Sur les autoroutes ou en TGV, nous nous lançons vers le but à atteindre sans souci des paysages traversés, écartelés : perforation du pays, violence de la vitesse et viol de l’étendue, pour reprendre les frappantes métaphores organiques de Paul Virilio1. Impression d’agression et de dépossession que nous infligeons aux paysages ou que les nouveaux outils de locomotion nous infligent à nous-mêmes. S’engage une course-poursuite avec le monde, où nous nous efforçons de voir quand même : « Course avec la lumière », « Longer le brouillard », pour reprendre les titres de vidéos que l’écrivain Arnaud Maïsetti insère dans ses Carnets en ligne2. Si nous sommes désormais prisonniers de cette « épilepsie contagieuse », essayons cependant de nous saisir « de ce qui passe en tant que passage précisément. Ne rien fixer que des vertiges3 ». C’était déjà un peu le programme de Rimbaud dans sa Saison en enfer, ou de Cendrars dans la Prose du transsibérien : « Le monde s’étire s’allonge et se retire comme un accordéon qu’une main sadique tourmente. »

Dominique Pety

Essayons donc de faire un pas de côté.

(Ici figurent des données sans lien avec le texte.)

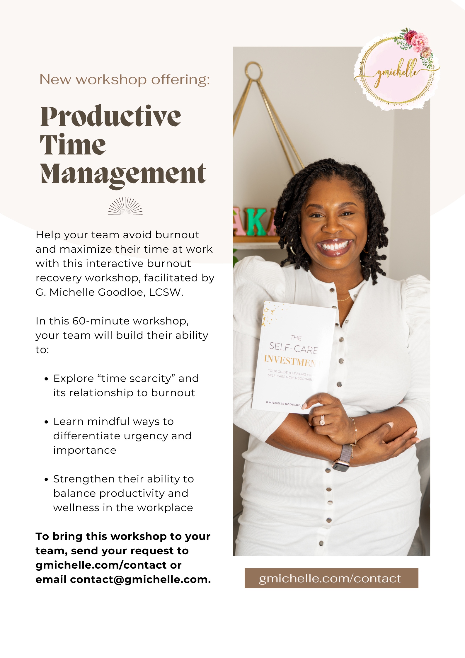 In my workshops, Productive Time Management and Resourceful Task Delegation, I help exhausted, hard-working people discover practical ways like these to not only recover from burnout, but begin designing the well-rested lives they were always meant to live.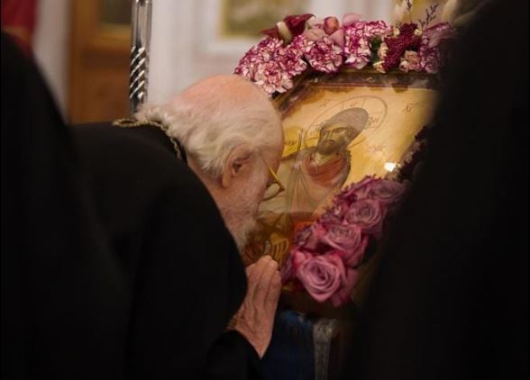 Μετά την απόλυση της ακολουθίας ο Μακαριώτατος προσκύνησε την εικόνα του Νυμφίου που είναι τοποθετημένη στο μέσο του Καθεδρικού Ναού.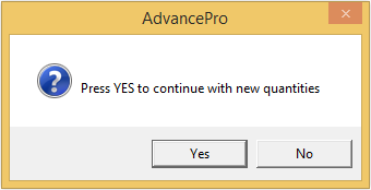 - You will be prompted to confirm the stock update, click "Yes" to continue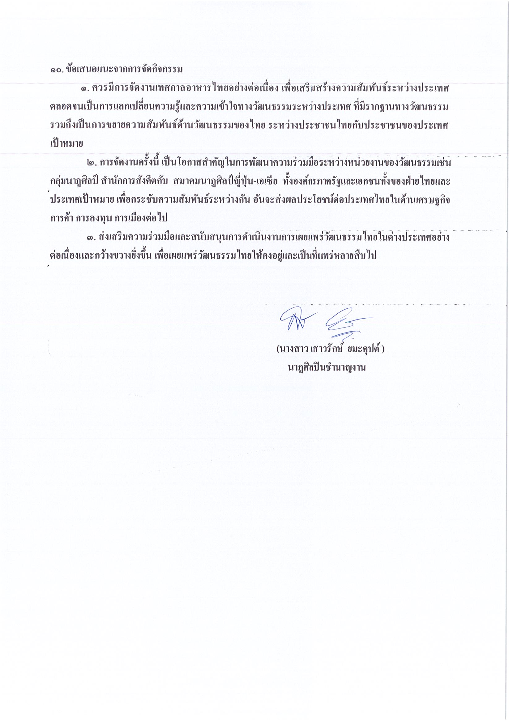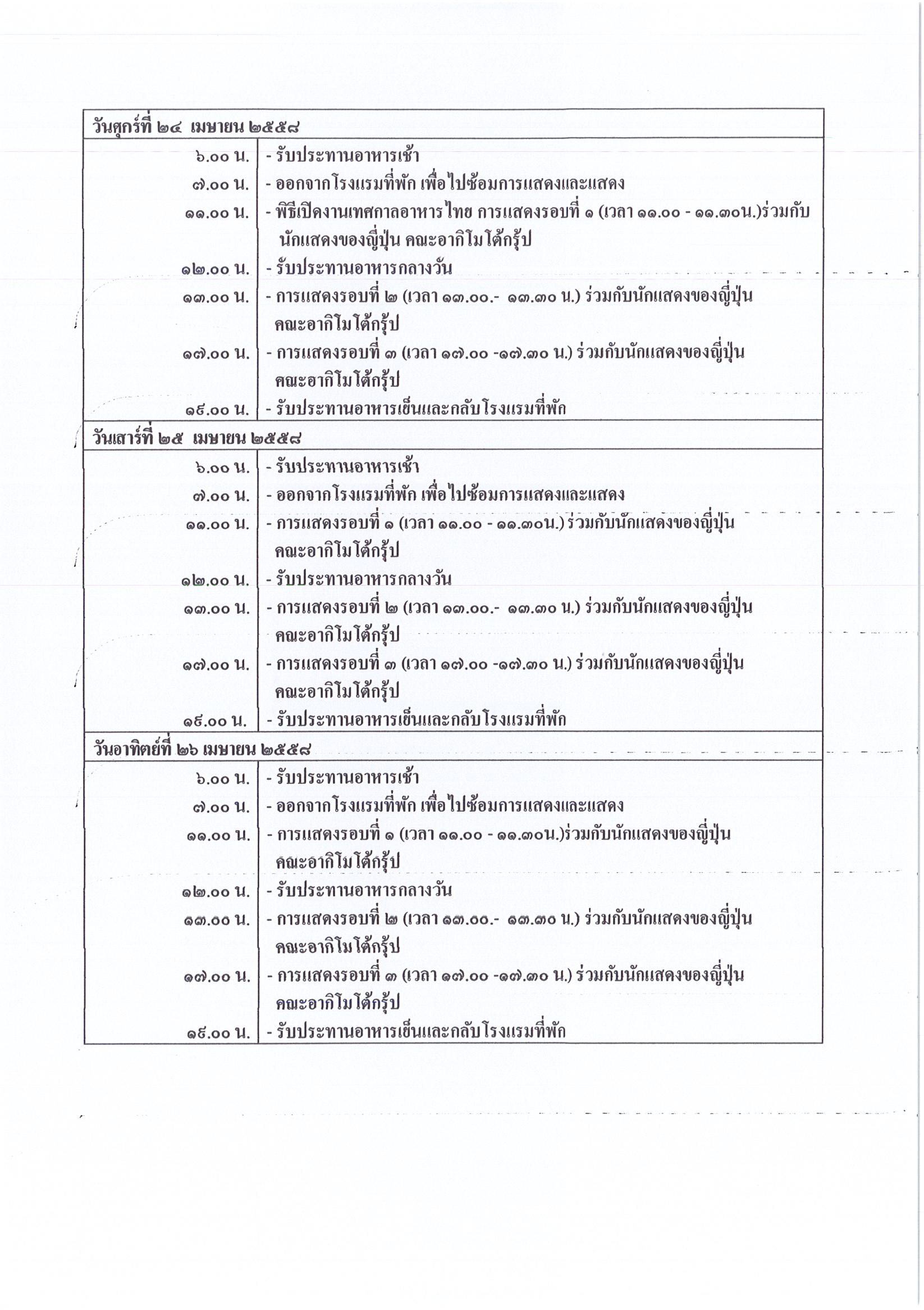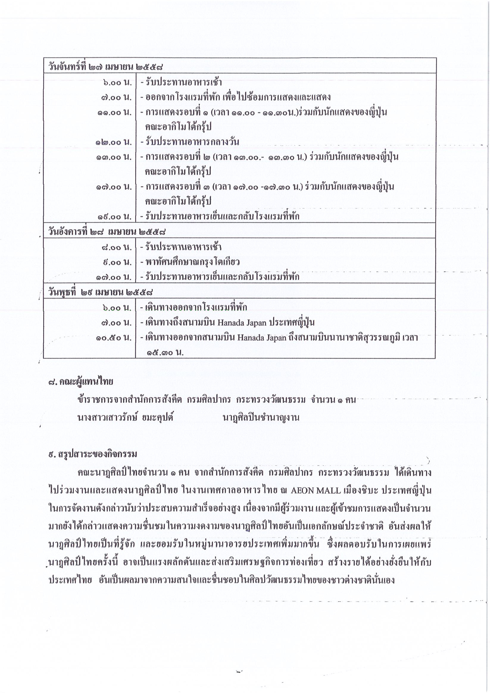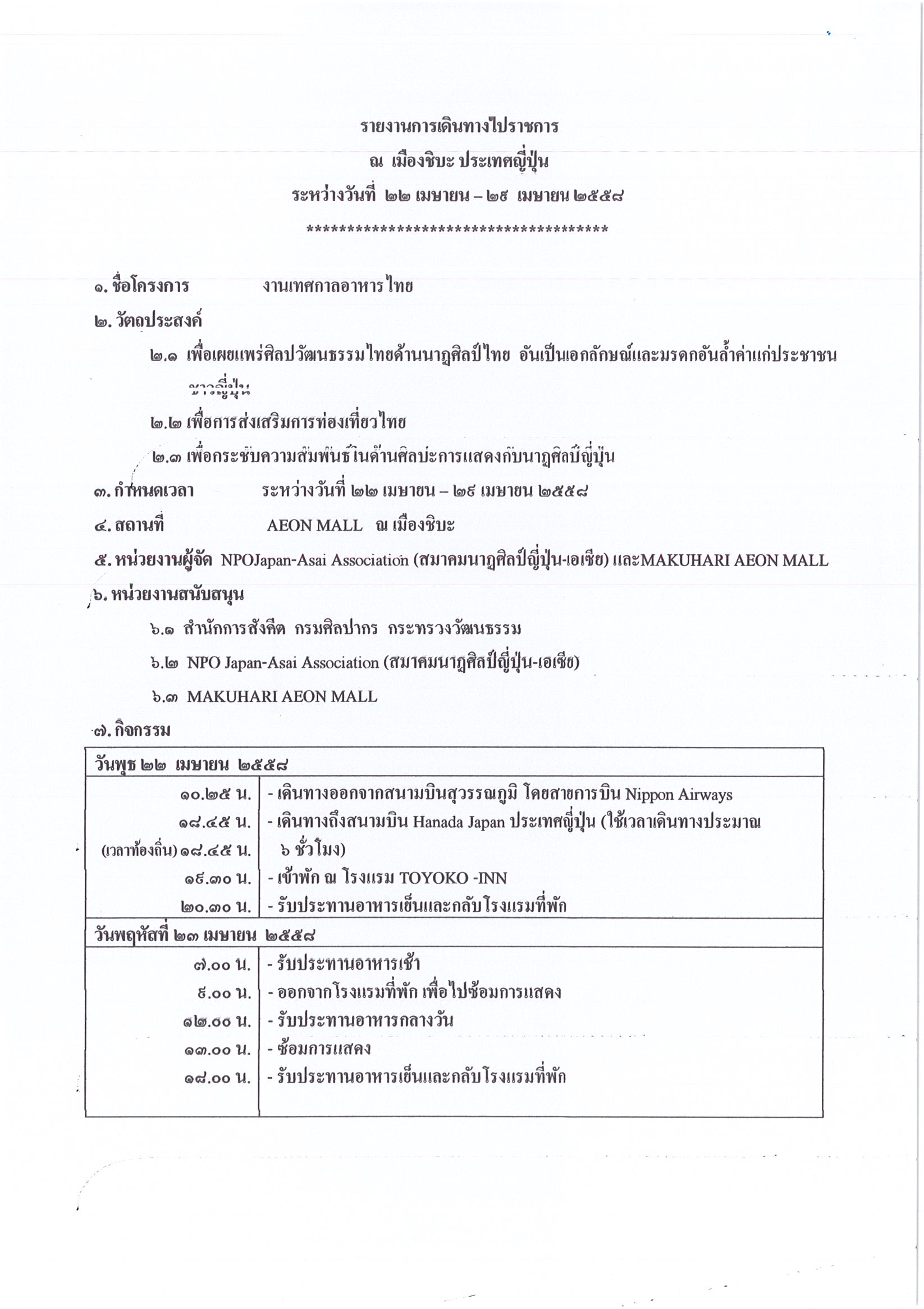 รายงานการเดินทางไปราชการ ณ ประเทศญี่ปุ่น ระหว่างวันที่ 22 – 29 เมษายน 2558 โครงการเทศกาลอาหารไทย เมืองชิบะ

Arnaud Maïsetti revient sur le beau texte de Julien Gracq, La Presqu’île. Il essaie de photographier, derrière la vitre du train qui passe, le paysage de cette nouvelle4 dont le personnage se demande constamment : « Comment rejoindre ? » Comment entrer en contact avec le monde, et retrouver l’ivresse de « vivre à l’écoute du paysage » ? Comment « l’épeler », « pareil à un sourd qui lit sur les lèvres […] dans l’herbe des bas-côtés et les branchettes figées qui faisaient la haie » ; ou bien, « comme un cycliste dévale une côte, le cœur battant du sentiment de l’espace qui se creuse, de tous les freins lâchés, de ce vent soudain dans les oreilles, si impatient, si pur qu’il semble n’être né nulle part » ? Car le mouvement, quand il ne nous engloutit pas dans sa vitesse, est source de métamorphoses qui nous révèlent des vérités profondes. Le narrateur proustien, qui s’approche en voiture des clochers de Caen, devenus dans la Recherche du temps perdu clochers de Martinville, comprend, à voir les recompositions du paysage en fonction de la distance, que nous voyageons aussi dans les profondeurs de notre mémoire vers des paysages déposés il y a longtemps, « gisements profonds de notre sol mental », qui resurgissent, se recomposent, et forment ces « terrains résistants » sur lesquels nous nous appuyons encore.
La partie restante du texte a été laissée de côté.